WHAT THE EXERCISE ASKS: Return the listing exactly, please; no pictures.

*** GIVEN DATA ***

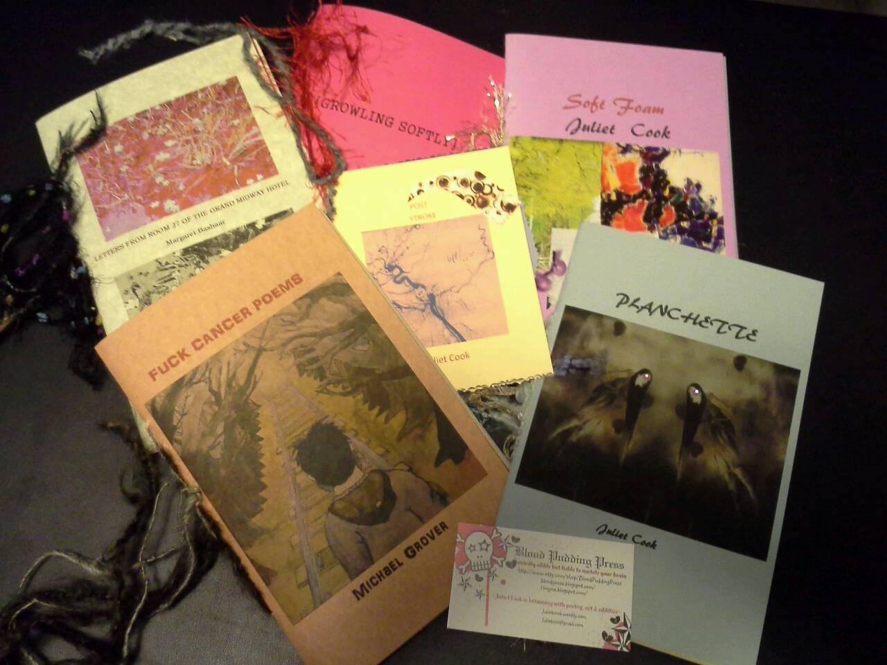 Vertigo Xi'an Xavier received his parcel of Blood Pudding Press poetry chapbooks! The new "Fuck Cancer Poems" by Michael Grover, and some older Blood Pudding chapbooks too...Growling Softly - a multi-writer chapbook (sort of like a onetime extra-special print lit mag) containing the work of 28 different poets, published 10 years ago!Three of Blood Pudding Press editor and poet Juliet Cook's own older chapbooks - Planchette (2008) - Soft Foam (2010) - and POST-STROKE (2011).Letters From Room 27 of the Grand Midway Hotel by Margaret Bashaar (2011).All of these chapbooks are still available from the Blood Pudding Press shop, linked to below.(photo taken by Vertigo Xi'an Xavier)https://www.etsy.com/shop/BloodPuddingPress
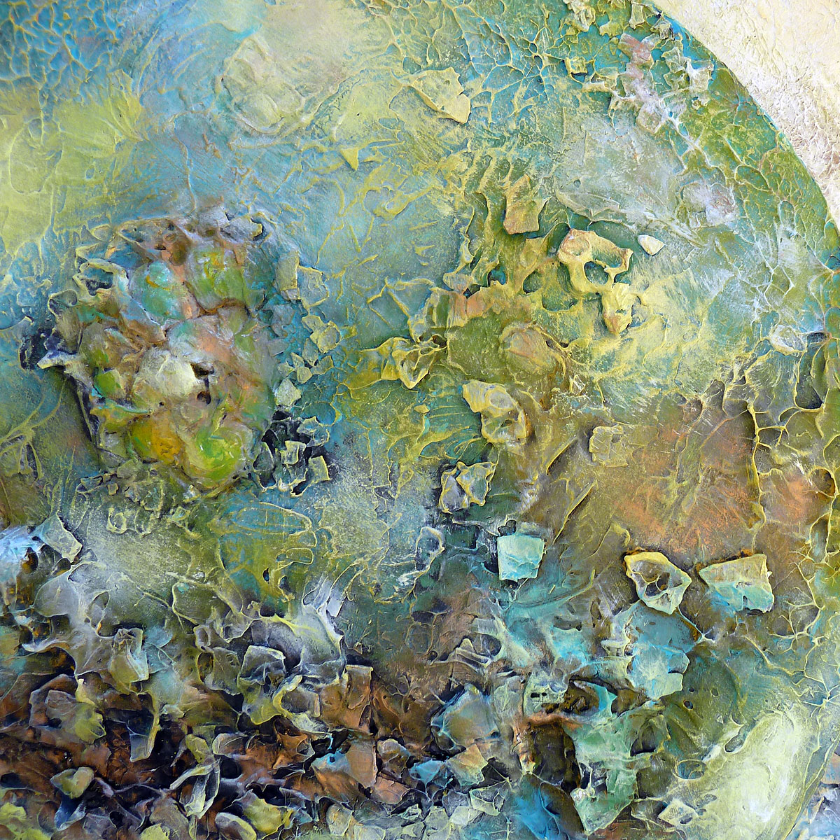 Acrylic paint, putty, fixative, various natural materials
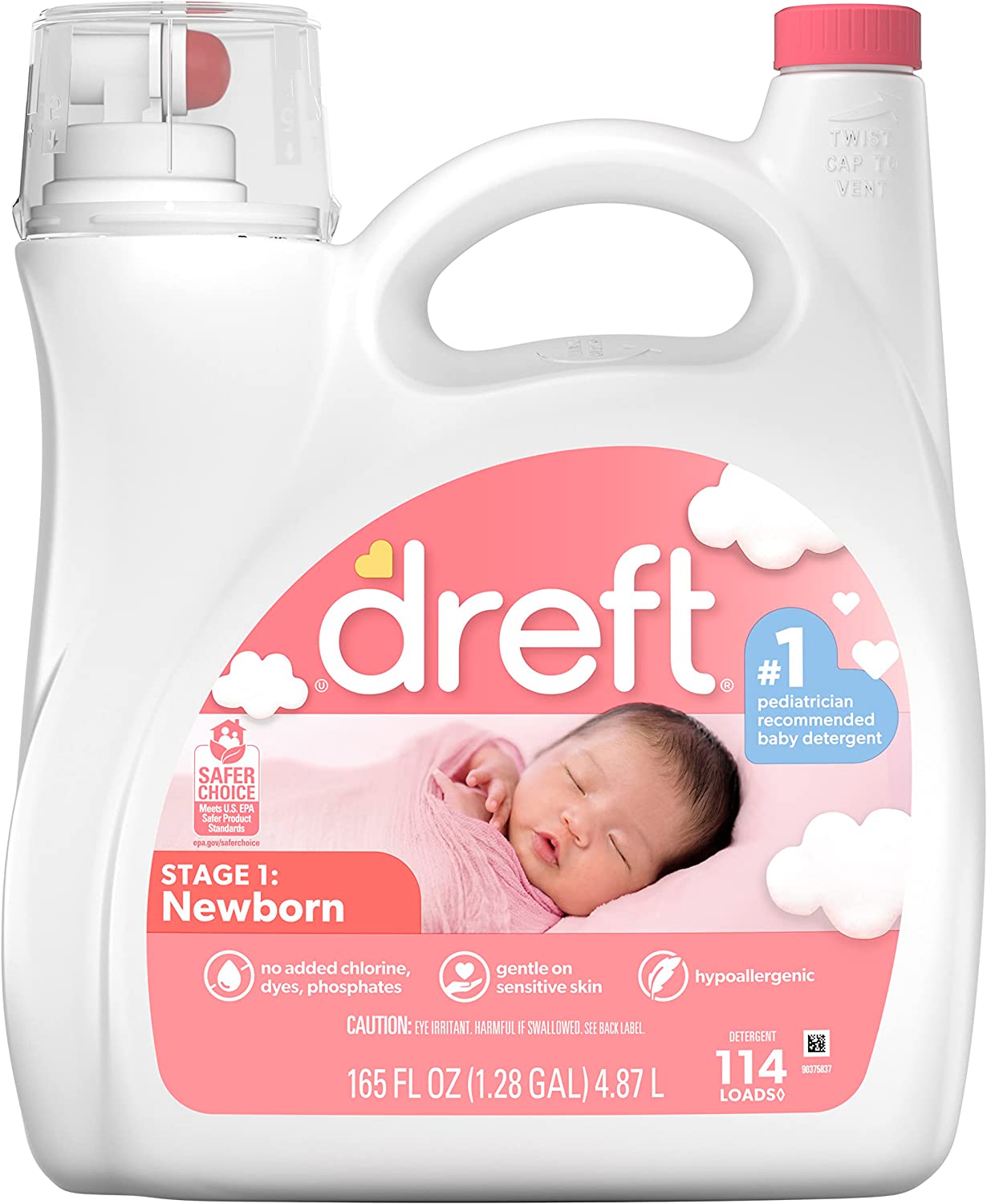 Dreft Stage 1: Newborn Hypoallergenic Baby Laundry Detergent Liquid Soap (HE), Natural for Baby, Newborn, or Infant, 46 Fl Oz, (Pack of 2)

*** End of GIVEN DATA ***

EXERCISE SOLUTION:
 Vertigo Xi'an Xavier received his parcel of Blood Pudding Press poetry chapbooks! The new "Fuck Cancer Poems" by Michael Grover, and some older Blood Pudding chapbooks too...Growling Softly - a multi-writer chapbook (sort of like a onetime extra-special print lit mag) containing the work of 28 different poets, published 10 years ago!Three of Blood Pudding Press editor and poet Juliet Cook's own older chapbooks - Planchette (2008) - Soft Foam (2010) - and POST-STROKE (2011).Letters From Room 27 of the Grand Midway Hotel by Margaret Bashaar (2011).All of these chapbooks are still available from the Blood Pudding Press shop, linked to below.(photo taken by Vertigo Xi'an Xavier)https://www.etsy.com/shop/BloodPuddingPress
 Acrylic paint, putty, fixative, various natural materials
 Dreft Stage 1: Newborn Hypoallergenic Baby Laundry Detergent Liquid Soap (HE), Natural for Baby, Newborn, or Infant, 46 Fl Oz, (Pack of 2)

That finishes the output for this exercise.